“LET’S ANALYZE IT BY GC/MS”
The suggestion is often heard in troubleshooting or, proactively, in validating critical cleaning processes. The term GC/MS is familiar to most analytical scientists and engineers and also, due to popular TV crime shows, to much of the general public. GC/MS consists of two analytical techniques used in tandem: gas chromatography (GC) followed by mass spectrometry (MS).

CHROMATOGRAPHY
In chromatography, molecular species in a mobile phase are separated by elution through a column containing a stationary phase. GC terminology dates to early chromatographic analysis that involved a transparent tube or column packed with a solid sorbent, the stationary phase. Classically, the unknown material is placed at the top or inlet to the column. A liquid, the mobile phase, is passed through the column, carrying the unknown with it.
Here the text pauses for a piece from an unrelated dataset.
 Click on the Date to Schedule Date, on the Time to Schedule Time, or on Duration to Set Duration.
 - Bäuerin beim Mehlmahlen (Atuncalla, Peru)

The time it takes for a molecule to move through the column is a function of the interaction with the mobile and stationary phases. Components of the unknown mixture are eluted (washed) from the column at different times. In early chromatography, colored bands (thus the root “chroma”) would be distinguishable in the column, each band associated with a specific molecule.
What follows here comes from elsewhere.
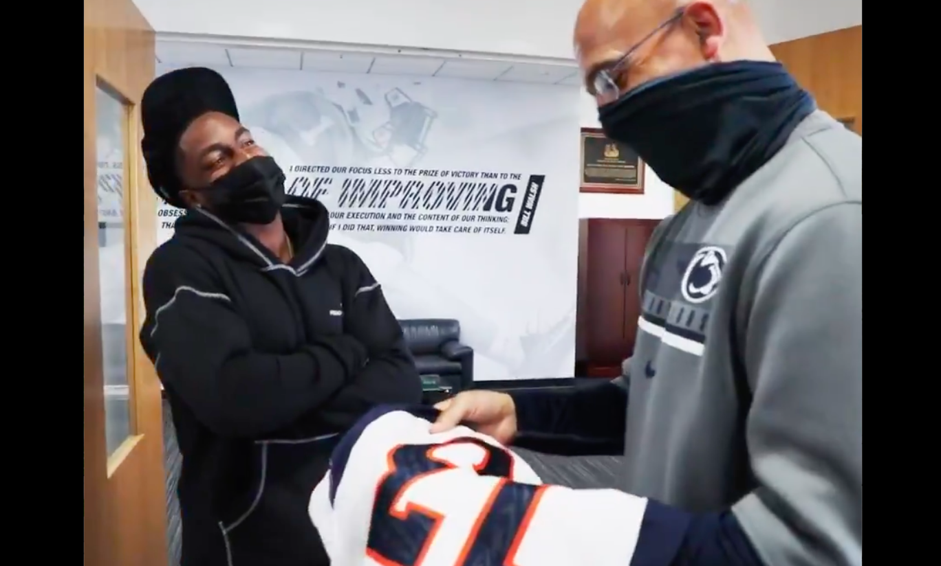 Former Penn State WR KJ Hamler gifts signed Broncos jersey to James Franklin

In a GC, the mobile phase is a gas such as He, H, Ar, or N. Most GCs now use an internally coated, narrow bore capillary tube, frequently coiled, instead of a packed column as the stationary phase. Separation of molecules occurs via different adsorption (stickiness) characteristics between the carried molecule and the stationary phase, so some molecules are washed, or elute, from the column sooner than others.

MASS SPECTROMETRY
After the initial chromatographic separation, mass spectrometry further separates molecules by charge-tomass ratio. Ionized molecules are spatially deflected, either by magnetic or electric fields, as they pass through. The higher the charge-to-mass ratio, the greater the deflection.